Ray Charles was really good at snapping, said musical acoustician Kenneth Lindsay of Southern Oregon University in Ashland. Charles’s snaps that open “It Don’t Mean a Thing (If It Ain’t Got That Swing)” are timed so well that he is never more than 5 milliseconds off the tight beat.
Lindsay studies the physics of the sound of swing music such as Ray Charles’ hits, and in a talk last week at the Acoustical Society of America’s joint meeting in Honolulu with the Acoustical Society of Japan, he explained how he created a visual analysis of the bouncy, energetic, even lopsided musical style of swing.
“If you’re tapping your feet, that’s swing,” he said. To study swing, he looked at the popular dance music in all cultures — a loose rhythmic style that’s different from syncopation, in which a note is played when a pause is expected or an expected note isn’t played. Swing, he said, relies on drama and emotion, and a micro-timing of pulses and meter that aren’t found in other styles. Swing uses a lot of triplets, irregular notes that are 2/3 the length of a regular note. Swing is found in American jazz, Caribbean beats, Brazilian swingee, reggae, samba and many other musical styles around the world.

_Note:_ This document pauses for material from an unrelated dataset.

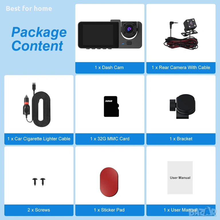 3-канална видеорегистратор за автомобили отпред и отзад, 1080P FHD камера за кола с 32G MMC карта, нощно виждане, G-сензор, детектор на движение, паркинг монитор, цикличен запис за автомобили, SUV-ове, камиони.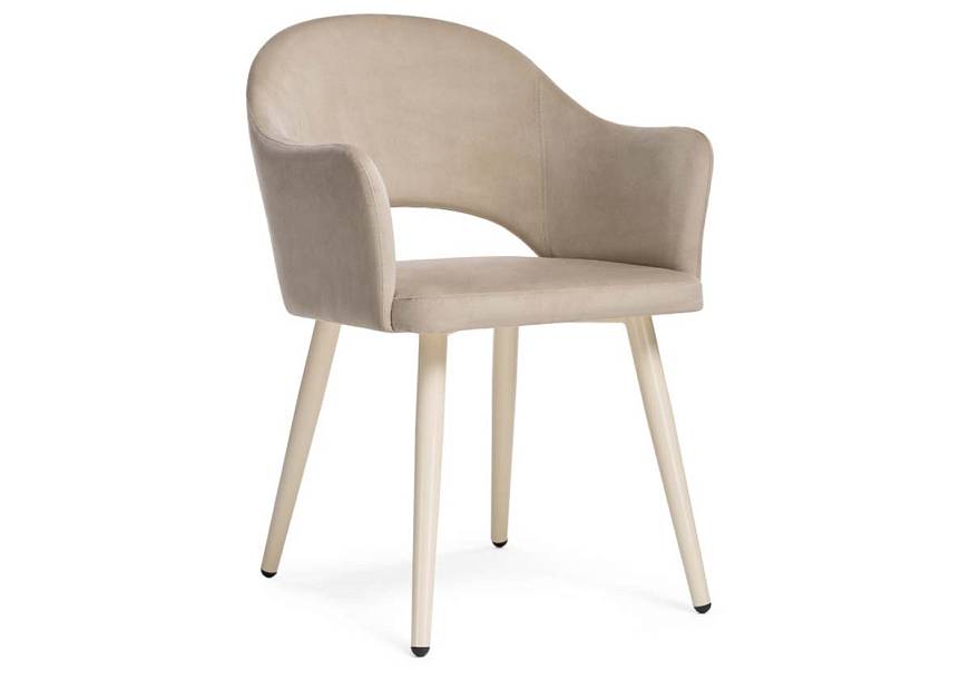 Стул Апри выглядит необыкновенно уютным и комфортным в нежной обивке из велюра. Мягкое сиденье с декоративным вырезом оборудовано изящно скругленной спинкой, плавно переходящей в подлокотники. Эффектный контраст с обивкой составляют легкие и прочные металлические ножки, дополненные пластиковыми протекторами для защиты напольного покрытия. Купить стул Апри для меблировки кафе, гостиной или современной кухни вы сможете выгодно в нашем интернет-магазине.

To really see what this universal but mysterious music looked like, Lindsay broke down famous swing songs like “Fever” and “Graceland” in various ways. He measured the song’s notes and pulses very finely, to within 3-10 milliseconds per musical event, sometimes even fine-tuning the differences between the sounds to a half a millisecond. This way he could separate out instruments, voices and drums by their pitch and note. He created graphs that separated out the instruments. That’s how he noticed Ray Charles’ incredibly tight snapping.